LAG OP DE BANK EN ZWEEG

Een dalend cultuurgoed

Vrijdagavond, 9 maart 2007. Er wordt aangebeld, het is buurman met een diepgevroren varkenshaas. Meisje doet open. Mijn vegetarische meisje. Ik kan niet komen, ik heb mijn pyjama al aan, ik lig op haar bank en zwijg. Ik kijk naar een aflevering van Grijpstra & De Gier, RTL 4, een uur of negen. Papa is moe. Een redelijke politieserie, gebaseerd op boeken van Jan-Willem, Willem-Jan van de Wetering, wie herinnert hem zich nog? Jaren zeventig. Politieboeken met een literair randje. Ik herinner me dat mijn vader dol op die boeken was.

In deze aflevering nemen wij u mee naar een donkere straat, waar iemand sterft, op de stoep van een apotheek. Een zwarte man. We zien hem aan zijn einde komen. De politie wordt gewaarschuwd. De stem aan de telefoon zal later de dader blijken te zijn.

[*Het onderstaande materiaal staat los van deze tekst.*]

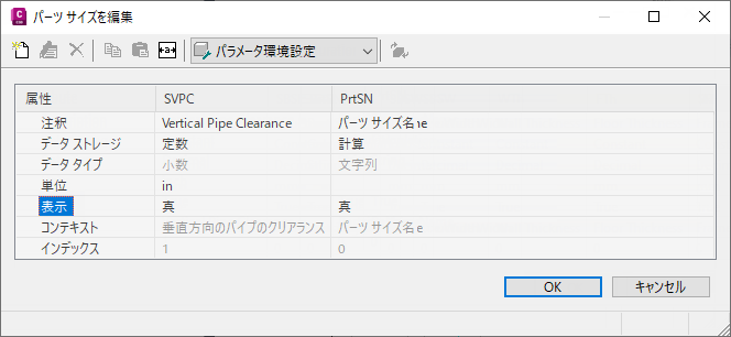 [パーツ サイズを編集]ダイアログ ボックスが表示されます。このダイアログ ボックスには、選択したパーツで使用できるサイズ パラメータがすべて表示されます。基本型の円柱構造物の場合、既定のサイズ パラメータは、パーツ サイズ名(PrtSN)と構造物の垂直方向のパイプのクリアランス(SVPC)です。
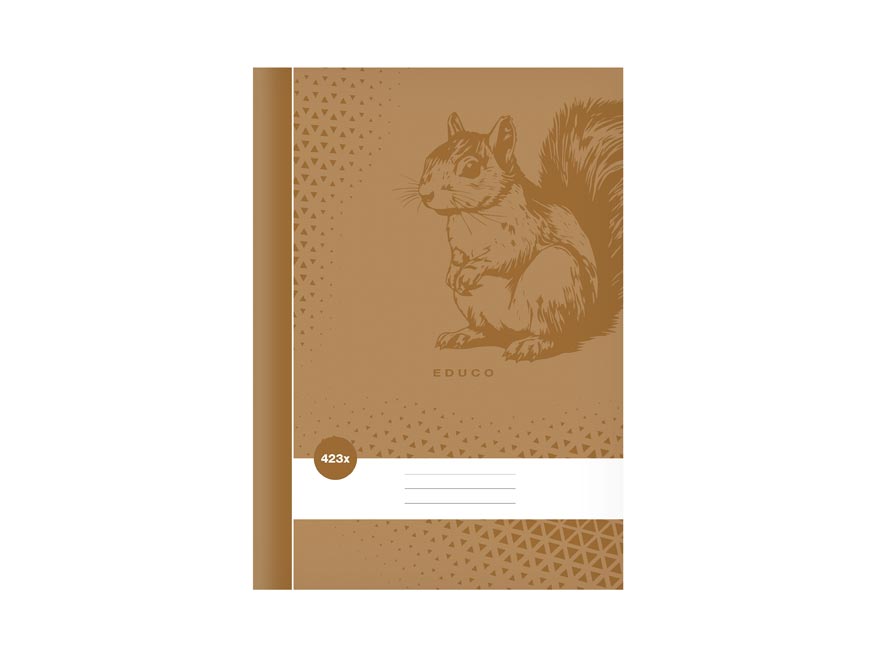 Školní sešit linkovaný/čistý ve formátu A4, v hnědé barvě, s motivem veverky, v deskách z křídového papíru. Každá stránka je ze 2/3 linkovaná a z 1/3 čistá. Sešit je určený pro žáky I. stupně ZŠ.

Er is sprake van handel in organen. De stervende man mist een nier. Langzaam komen we een schimmige handel op het spoor. We rijden naar de Bijlmer, of een wijk die op de Bijlmer lijkt, we gaan een flat binnen, treffen kamers vol met illegalen aan. Maar ook bezoeken we herenhuizen met witte bejaarden erin die op mysterieuze wijze van hun nierziekte genazen, om onopgehelderde reden van de transplantatiewachtlijst verdwenen. Niemand wil wat zeggen.

Een verse, levende nier levert vijftienduizend euro op: ze hebben de getallen in de serie geactualiseerd. We zien een slordig gehechte wond op de plek waar wij onze nieren ongeveer vermoeden. Je kunt jezelf in onderdelen verkopen: zo ben je nog aardig wat waard. Jammer van dat ene hart, anders kon je het andere deel ook nog te gelde maken. De dingen waar je er twee van hebt, waar één wel voldoende zou wezen. Armen, benen. Even later wordt hij al begraven.

Het slachtoffer krijgt een eenzame uitvaart. Hier moet het scenario aan de nieuwe tijd zijn aangepast. Op de begrafenis verschijnen de rechercheurs, naamgevers aan de serie, alsmede vier dragers, de uitvaartleider, zij brengen de eenvoudige blankhouten kist met een enkel bloemstuk erop naar zijn bestemming. De uitvaartleider geeft het woord aan de stadsdichter.
De stadsdichter zegt een slecht rijm op.

Ondertussen roep ik buurman bedankt, blij dat hij geen beertjesleverworst van twee kilo heeft meegebracht, maar een varkenshaas. Dat leg ik u later nog wel een keer uit, het grapje over de beertjesleverworst. ‘Jezus,’ zeg ik, als meisje de kamer weer binnenkomt, ‘dat heb je gemist. Dat stond vast nog niet in het oorspronkelijke boek. Ze hadden een dichter! Nu ja, een acteur die een dichter nadeed. Wat een stom gedicht! Maar! De eenzame uitvaart is cultuureigen geworden, de dichter hoort erbij. RTL4! Vrijdagavond! Prime Time! Potverdikkie.’

Zoiets is er dan toch wel bereikt.
Op een malle manier ben ik trots. Dat is kunst mevrouw.
Dat is kunst die echt bestaat. Een maatschappelijke werkelijkheid. Een dalend cultuurgoed.
Kunst, die mij gelukkig maakt.

Morgen, als ik klaar ben met oefenen met Naar Tevredenheid (komt allen naar De Kleine Komedie in Amsterdam op zondagavond 18 maart , dan kunt u mij heel even zien zingen) wou ik de tentoonstelling van Joost Conijn in Rotterdam bezoeken. Kunst, die mij gelukkig maakt.